NEW YORK (Reuters) - The Federal Reserve’s program to revive the markets for U.S. securitized debt may be disrupted and credit to consumers choked off if planned accounting changes are implemented in 2010.
New rules by the Financial Accounting Standard Board, in the form of FAS 166 and 167, will force banks to put securitized debt back on balance sheets and retain continued exposure to the risks related to transferred financial assets, by eliminating the concept of a “qualifying special-purpose entity.”
The amount of capital available for making new loans to consumers for credit cards and mortgages may be restricted as a result.

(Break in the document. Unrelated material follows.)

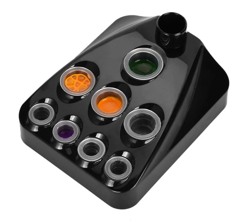 9 отверстий 2 в 1 пластиковый держатель для ручки для татуировки черный Характеристики: 1. Пластиковый материал, светильник. 2. Вы можете разместить на нем чернильные чашки и тампоны при работе с микропузырьками. 3. Удобно держать чернила для татуировок и предотвращать их выплескивание 4. 2 в 1, можно использовать не только для размещения чашки, но и для нанесения тату. 5. 9 отверстий, одно отверстие поддерживает тату-машину, одно отверстие большого размера, три отверстия среднего размера, четыре отверстия большого размера. 6. Держатель чашки чернил три размера, подходит для усиления тонер небольшого и среднего размера Материал: пластик Черный colorSize: приблизительно 8,5*6*2 см Посылка включает в себя: 1 * держатель татуировки

“There are potentially huge consequences of the FASB changes. There are concerns over whether bank balance sheets will be stretched to the breaking point because of the amounts recorded on balance sheets,” said John Arnholz, partner at law firm Bingham McCutchen.
Used as a crucial funding tool for issuers in the asset-backed market, securitization allows lenders to remove existing debt from their books, package the loans and later sell them as securities to investors. This allows the flow of credit to continue to consumers.

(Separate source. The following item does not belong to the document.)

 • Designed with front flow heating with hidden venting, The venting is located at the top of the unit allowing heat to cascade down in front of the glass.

“If you get off-balance sheet treatment, that provides a more efficient use of your balance sheet and has been the foundation of the structured finance market. Bringing it back on balance sheet would have an impact on all your various financial ratios,” said Mike Kagawa, portfolio manager at Payden & Rygel.
The American Securitization Forum recently asked U.S. bank regulatory agencies for a six-month moratorium relating to any changes in bank regulatory capital requirements resulting from the implementation of FASB’s 166 and 167.

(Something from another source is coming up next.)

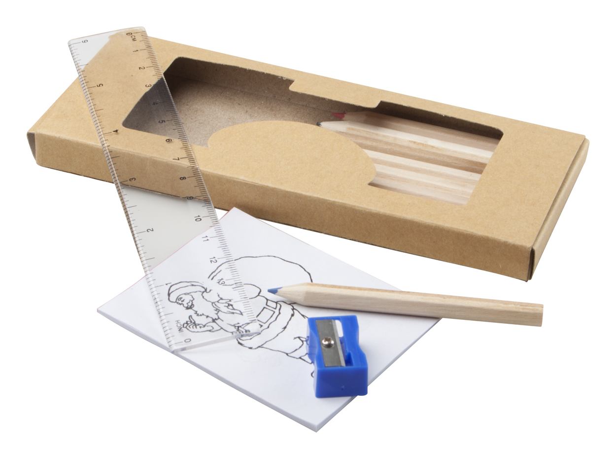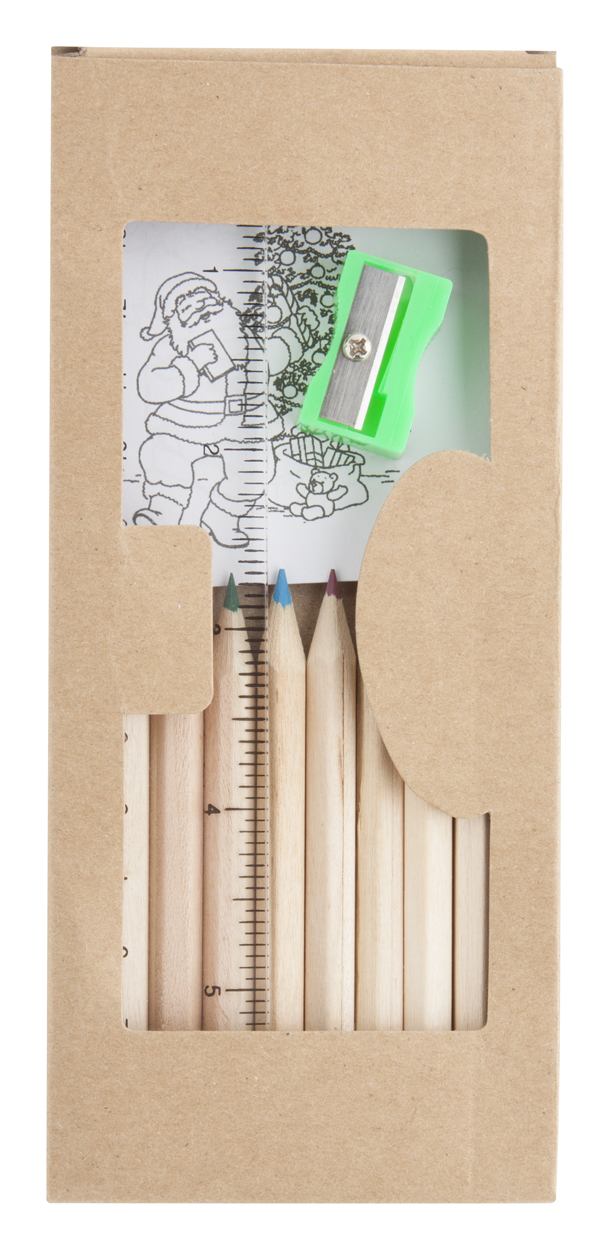 Malset mit 10 Buntstiften, Anspitzer, Lineal und Malbuch.

“We believe that this action is necessary to avoid a potentially severe capital and credit shock to the financial system as of January 1st, when the new accounting rules generally take effect,” said the ASF.
The role that securitization has assumed in providing both consumers and businesses with credit is striking with currently over $12 trillion of outstanding securitized assets, including mortgage-backed securities, asset-backed securities and asset-backed commercial paper, the ASF said.
Industry experts said the accounting changes threaten to setback the huge strides made by the Fed’s emergency loan program, the Term Asset-Backed Securites Loan Facility, known as TALF, launched earlier this year.
Through the program, the Fed was able to bolster consumer lending and reopen the securitization market for consumer ABS, nearly shutdown by a deep credit crisis in 2008. The program also drove the high costs of funding dramatically lower.
However, issuance under the program may suffer a sharp setback if banks retrench from making new consumer loans amid capital constraints created by heavier debt loads and new accounting and administration costs. The increased costs to banks are likely to filter down to the consumer in the form of higher borrowing costs, as well.
“Despite shifts in supply and demand, it is clear that reducing direct access to the capital markets would pinch consumers’ access to credit,” said John McElravey, analyst at Wells Fargo Securities.
“The balance sheets of banks and other lending institutions would likely only partially compensate for reduced ABS activity. This would be even more difficult if lenders were trying to raise additional capital,” said McElravey.
William Bemis, portfolio manager at Aviva Investors said he expects asset back securities issuance to decline as a result of the new rules.
“Credit card issuance will decline going forward, primarily because the debt will be going on balance sheet now. The attractiveness of being able to get financing and remove assets off balance sheet will be less now,” said Bemis.
While banks may still opt to lend, some may not meet the ratings criteria under TALF, which requires top ratings from credit agencies, as they carry heftier debt loads.
“This could really stifle issuance under the program because you need two ‘AAA’ ratings to issue under TALF. The accounting rules have the potential to reduce lenders’ access to TALF, which the Fed has devoted $1 billion in funds to,” said another industry source.
Meanwhile, as the deadline looms closer, market participants are expecting the Federal Deposit Insurance Corp. to weigh in with further clarification on off-balance sheet rules for securitizations.
“People are getting discouraged because the clock is ticking and this is going to help dry up money that would be available for consumer lending. The Fed knows how important it is to keep credit flowing but it seem that’s not getting through to the FDIC.” said the industry source.